Changelog

xplainfi 0.1.0.9002

This turns out to be still a period of major changes in the early phase, so, uhm, well.

$importance becomes a function $importance() with arguments standardize and ci_method (#40):
- "nadeau_bengio" implements the correction method by Nadeau & Bengio (2003) recommended by Molnar et al. (2023).
$scores becomes $scores() for more fleixibility analogous to $importance(). Original scores are stored in private$.scores (for now).
Both $importance() and $scores() have argument relation defaulting to "differrence" which allows to calculate importances like PFI as either the difference or the ratio of baseline and post-modification loss. The argument is moved out of $compute() to avoid having to recompute any predictions or model refits.
Add sim_dgp_ewald() and other sim_dgp_*() helpers to simulate data (in Task form) with simple DGPs as used for illustration in Ewald et al. (2024) for example, which should make it easier to interpret the results of various importance methods.
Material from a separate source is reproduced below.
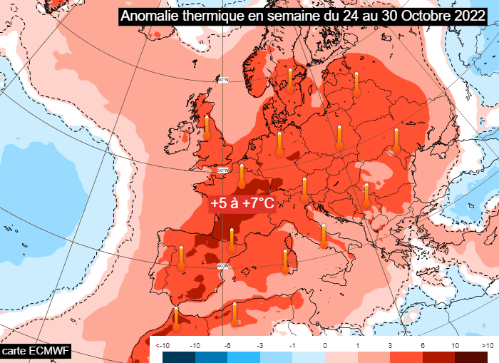 Anomalie thermique sur la semaine du lundi 24 au dimanche 30 octobre 2022 – via ECMWF

$obs_loss() analogously to $scores() computes observation-wise importance scores based on losses stored in $.obs_losses if measure has a Measure$obs_loss() function.
$predictions are kept for now just in case they’re useful

PerturbationImportance and WVIM gain groups argument which overrides features and enables the definition of groups of features
Example: groups = list(effects = c("x1", "x2", "x3"), noise = c("noise1", "noise2"))
In the output of $importance(), $scores(), $obs_loss() the feature column gets the name of the group, which effectively becomes a “meta feature” as far as the output is concerned.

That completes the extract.